You will create one Service Profile Template “ORA_FLEXPOD” using boot policy created earlier to utilize four LIF ports from NetApp Storage for high-availability in case of any FC links go down.
The following sections detail how to create ORA_FLEXPOD.
Create Service Profile Template
To create a service profile template, follow these steps:
1. In the Cisco UCS Manager, go to Servers > Service Profile Templates > root and right-click to “Create Service Profile Template” as shown below.
2. Enter the Service Profile Template name, select the UUID Pool that was created earlier and click Next.
3. Select Local Disk Configuration Policy to SAN-Boot as no Local Storage.
4. In the networking window, select “Expert” and click “Add” to create vNICs. Add one or more vNICs that the server should use to connect to the LAN.
We created two vNIC in the create vNIC menu. We have given name to first vNIC as “eth0” and second vNIC as “eth1”.
5. Select vNIC Template as ORA-vNIC-A and Adapter Policy as ORA_Linux_Tuning which was created earlier for vNIC “eth0”.
6. Select vNIC Template as ORA-vNIC-B and Adapter Policy as ORA_Linux_Tuning for vNIC “eth1”. eth0 and eth1 vNICs are created so that Servers should use to connect to the LAN.
7. When the vNICs are created, you need to create vHBAs. Click Next.
8. In the SAN Connectivity menu, select “Expert” to configure as SAN connectivity. Select WWNN (World Wide Node Name) pool, created previously. Click “Add” to add vHBAs as shown below. The following four HBA have been created:
a. hba0 using vHBA Template Oracle-HBA-A
b. hba1 using vHBA Template Oracle-HBA-B
c. hba2 using vHBA Template Oracle-HBA-A
d. hba3 using vHBA Template Oracle-HBA-B
For this Oracle RAC Configuration, the Cisco MDS 9148S is used for zoning. Skip zoning and go to the next step.
9. In vNIC/vHBA Placement menu, keep option as Let System Perform Placement.
10. For this solution, do not configure any vMedia Policy. Click Next.
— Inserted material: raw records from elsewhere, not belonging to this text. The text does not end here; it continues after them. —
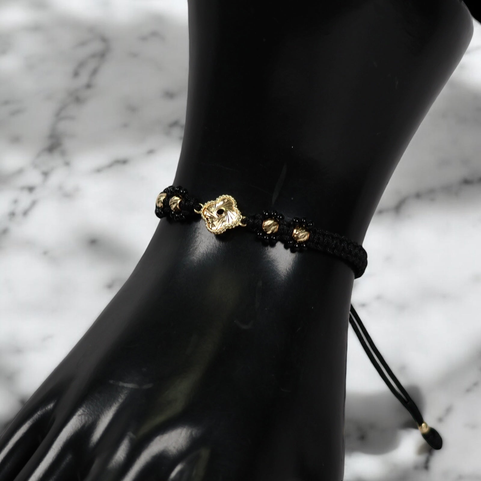 18K YG Diamond Cut Clover- Diamond Cut Balls Bracelet Tejido / 1.22gr / Adjustable /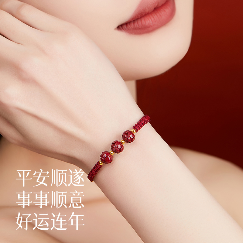 2025年新款考研上岸原矿朱砂莲花红绳手链女编织本命年闺蜜手绳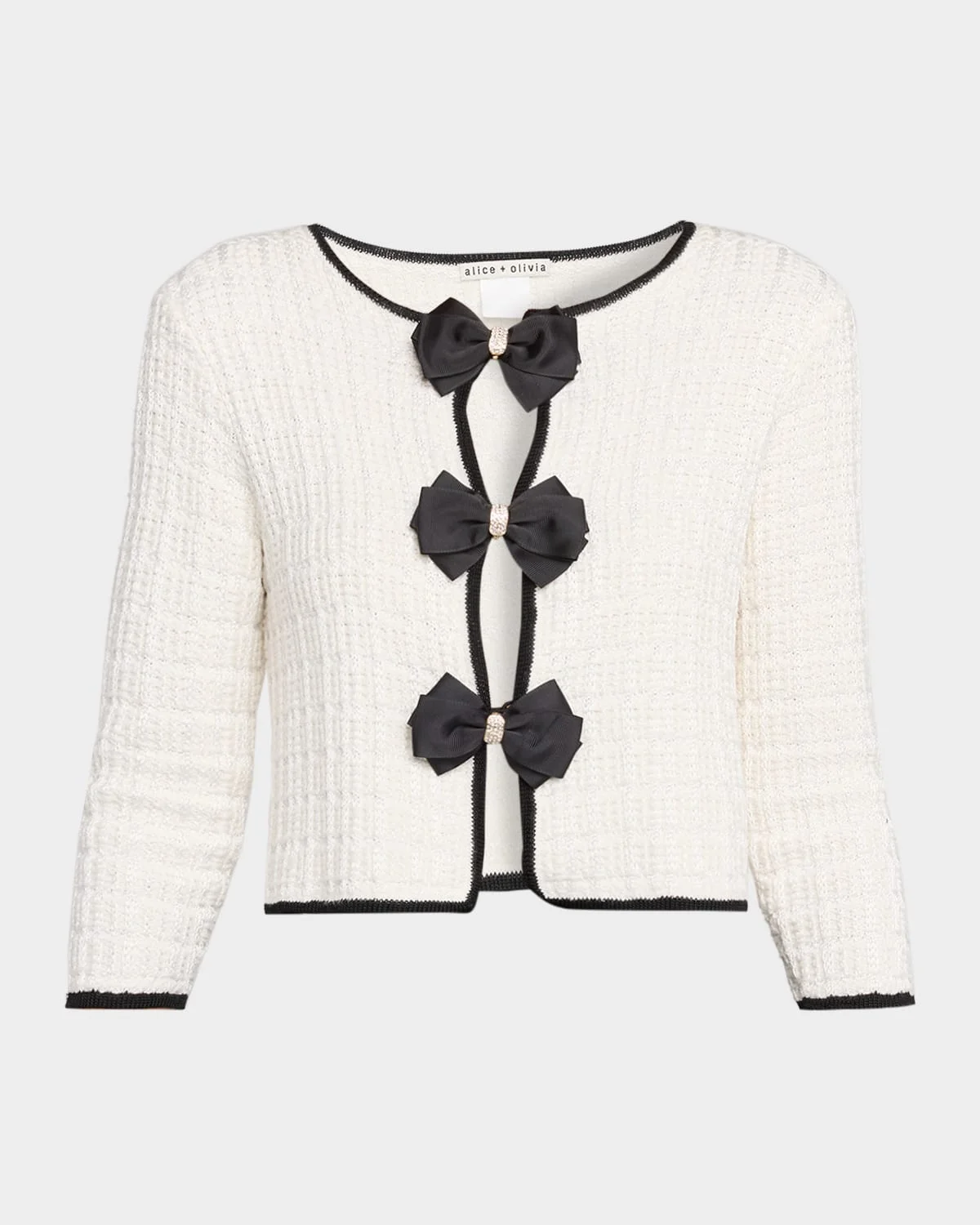 - Adorned with three rhinestone-embellished satin bows, the "Akira" cardigan by Alice + Olivia is crafted from a textured knit with contrasting trim - Approx. 18.8"L from shoulder to hem - Scoop neckline - 3/4 sleeves - Classic fit - Hip length - Front hook closures - Viscose/cotton - Dry clean - Imported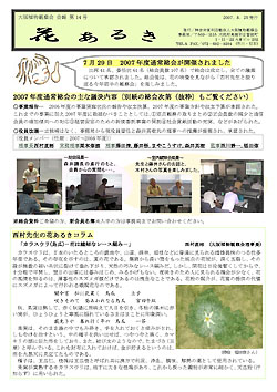 第14号 発行/2007.08.25 P1 2007年度通常総会の報告と様子。 西村先生の『花あるきコラム』。テーマ「カラスウリ−花は繊細なレース編み」。 P2,3 観察会をふりかえる。 その他の活動報告。 幹事メンバーの紹介。 P4 花あるきニュース。 樹木医澤田さんの診断室Q&A「チャドクガ」。 |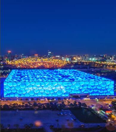 水立方在鸟巢的西面,是2008年北京奥运会期间游泳、花样跳水等比赛的比赛场馆,整体结构根据人体细胞的排列和肥皂泡的灵感设计而成。
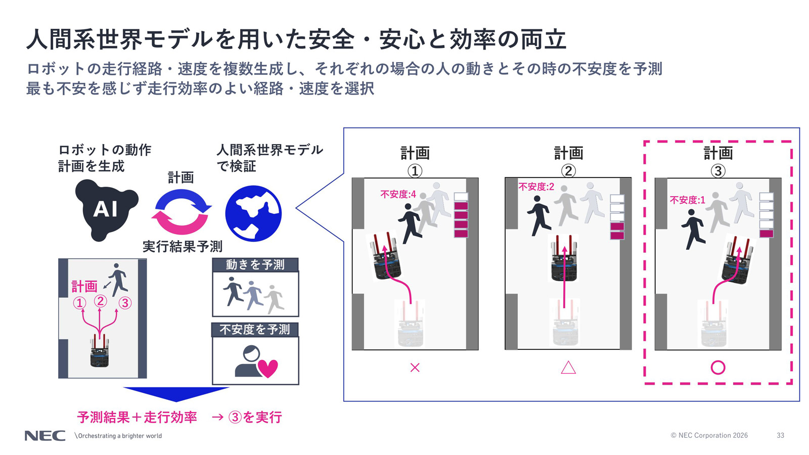 NEC、「人間系世界モデル」を活用したフィジカルAIを開発、人とロボットが“ぶつかる不安”を予測して回避
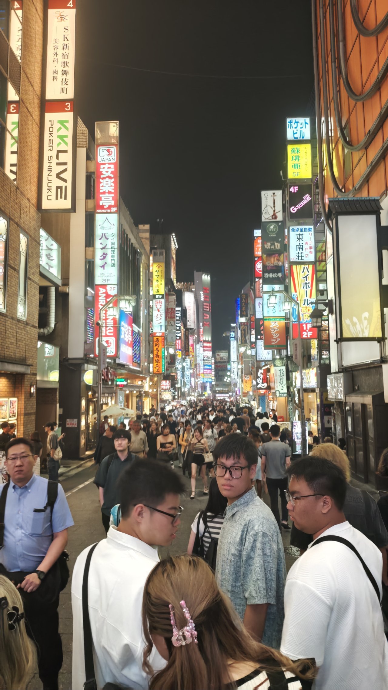 我们下午四点多到了东京,一起来的一个同学正好在这有认识的人,是他高二分班前的一个同学,之前来东京留学来了,现在还在语言学校里读,当时他正好有空,就到东京站附近来接我们来了,等我们去酒店放好了行李,他带我们去新宿逛了逛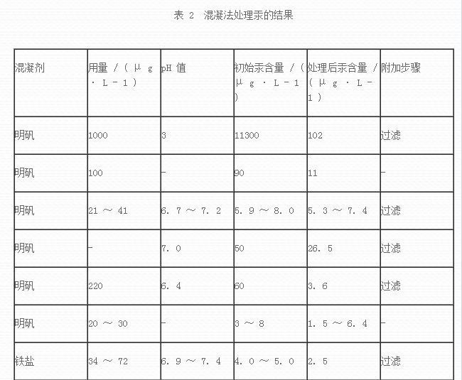 用混凝法對多種廢水進(jìn)行脫汞處理 ,所用的混凝劑包括硫酸鋁 明礬 、鐵鹽及石灰。在混凝法除汞的研究中 ,先在生活污水中加入 50~60 μg/L的無機(jī)汞 ,然后用鐵鹽或明礬聚集并過濾,兩種方法都可使含汞量降低 94% ~98%。用石灰混凝劑處理500 μg/L的高濃度含汞廢水 ,過濾后汞的去除率為70%。某工廠中試比較了明礬和鐵鹽對無機(jī)汞和甲基汞的處理效果 ,結(jié)果表明鐵鹽能有效地除去汞。另一項研究結(jié)果也報道了類似的結(jié)果 ,此外還發(fā)現(xiàn)即使混凝劑用量增加到 100~150mg/L,也不能改善汞的去除效果。表 2列出了混凝法的處理數(shù)據(jù)。明礬處理后汞的出水含量為 1. 5~102 μg/L,鐵鹽處理后則為 0. 5~12. 8 μg/L。但當(dāng)初始汞濃度較低時 ,明礬和鐵鹽的混凝處理效果相似 ,此時汞的出水含量較低 ,為 0. 5~5. 0 μg/L。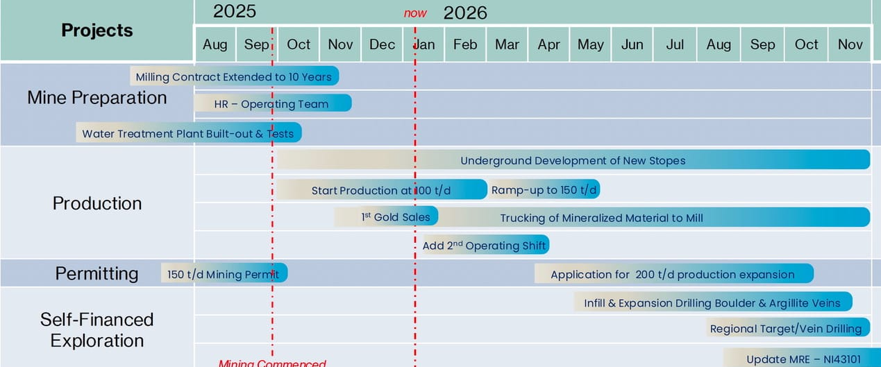 The company will reinvest operating cash to advance gold exploration . In H1 - 2026, it will drill more around the Boulder vein to see if the gold deposit can be extended, test a nearby target called the Argillite vein, and explore other areas across its large land package of about 22,000 hectares.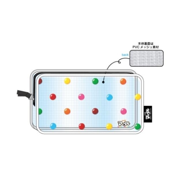 お菓子の「マーブル」柄のクリアポーチです。おなじみのお菓子のパッケージデザインをビニール素材のポーチに落とし込みました。マチもしっかりついているので旅行の際のコスメポーチなどにぴったりです。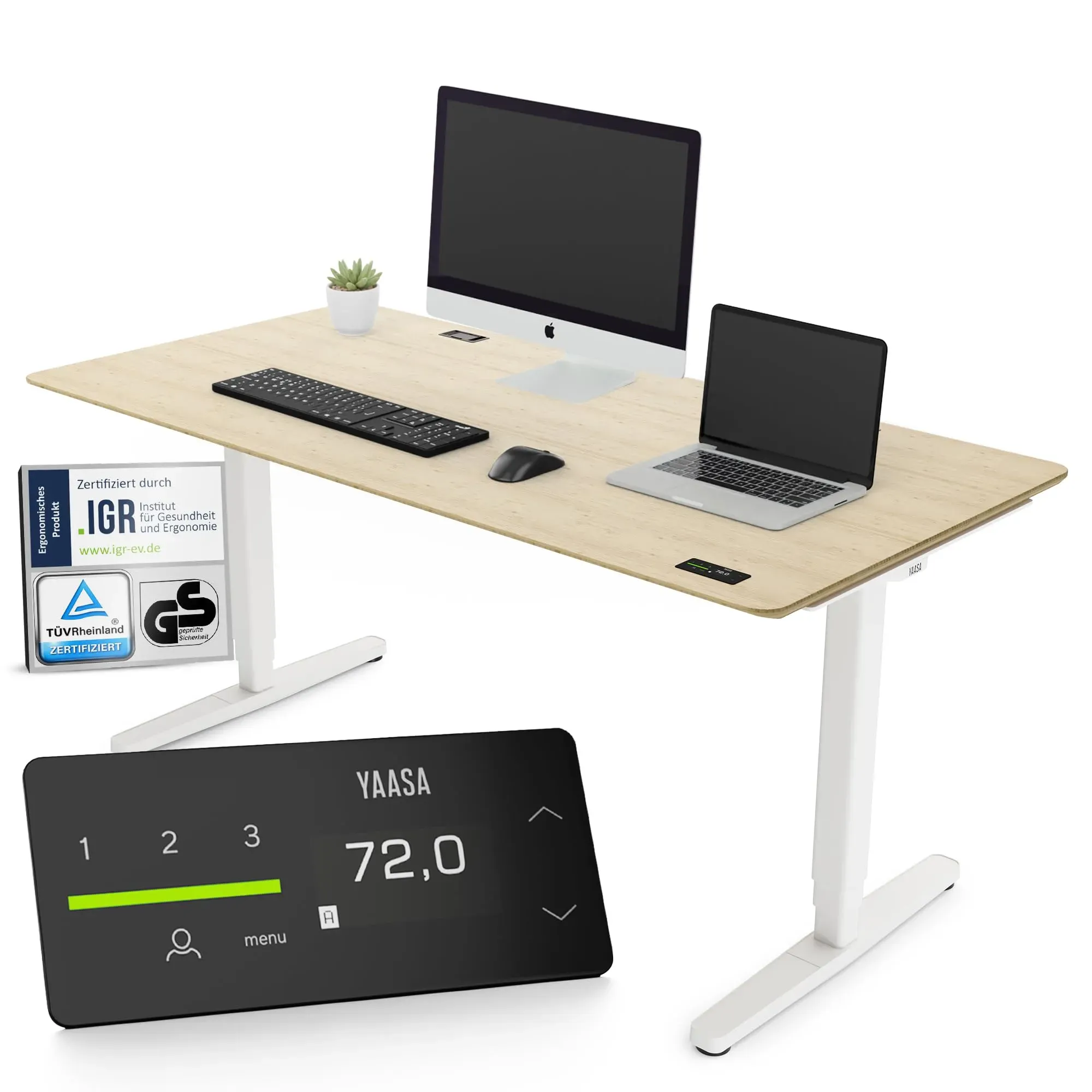 Kategorie: Schreibtische - Yaasa - GTIN:0660357378933 - FLEXIBLE ANPASSUNG Der Yaasa Desk Expert passt sich dank elektrischer Höhenverstellung idela deinen Arbeitsumfeld an perfekt für individuelle Anforderungen und vielseitige Arbeitsbereiche.SANFTE & PRäZISE HöHENVERSTELLUNG Ausgestattet mit zwei Synchronmotoren und einer Start/Stop-Funktion ermöglicht der Schreibtisch eine ruckelfreie, verzögerungsfreie Höhenverstellung für eine angenehme Nutzung.ROBUST & STABIL Die 2-stufigen Rechtecksäulen aus pulverbeschichtetem Qualitätsstahl, kombiniert mit Aluminium-Fuß und Seitenprofilen, sorgen für maximale Stabilität und wackelfreie Nutzung, selbst bei voller Traglast von 120 kg.ERGONOMISCHE FEATURES Der ErgoTouch Plus Handschalter bietet ein Tages-Stehziel, Reminder, Stehzeit-Statistik und 3 Benutzerprofile für maximal ergonomisches Arbeiten und gesunde Haltungsgewohnheiten.SICHER & DURCHDACHT Mit einem hochsensiblen Piezo-Kollisionssensor, Tastensperre und Höhenlimitierung ist das Tischgestell nicht nur sicher, sondern auch perfekt für professionelle und private Arbeitsumgebungen. Massive Konstruktion mit unvergleichbarer Belastbarkeit Das massive Stahl-Gestell mit rechteckigen Säulen, Aluminium-Füßen und hochwertigen Seitenprofilen sorgt für höchste Stabilität in jeder Position - ob im Sitzen oder Stehen. Der Desk Expert wurde mittels anspruchsvollem Pendelschlagtest auf seine Robustheit getestet und hat bewiesen, dass er in jeder Höheneinstellung wackelfrei steht. Du kannst ... ![]() ![]() Ergotopia R - Desktopia Pro eBay X Elektrisch höhenverstellbarer Schreibtisch Stehtisch

11. In the Server Boot Order, select “SAN_Boot” as Boot Policy created previously.
12. The maintenance policy and server assignment options were left as default in the configuration.
13. In operational policies menu, select OLTP_BIOS as BIOS Policy, created previously.
14. The rest of the configuration is left as default in the configuration. However, it may vary from site-to-site depending on workloads, best practices, and policies.
15. Click Finish to create service profile template as “ORA_FLEXPOD”. This service profile template will be used to create four service profiles for four oracle RAC nodes(flex1, flex2, flex3 and flex4).
Now you have one Service profile template as “ORA_FLEXPOD” having four vHBAs and two vNICs.
Create Service Profiles from Template and Associate to Servers
Create Service Profiles from Template
For all four Oracle RAC Nodes (flex1, flex2, flex3 and flex4), you will create four Service Profiles as FLEX1, FLEX2, FLEX3 and FLEX4 from Template “ORA_FLEXPOD”.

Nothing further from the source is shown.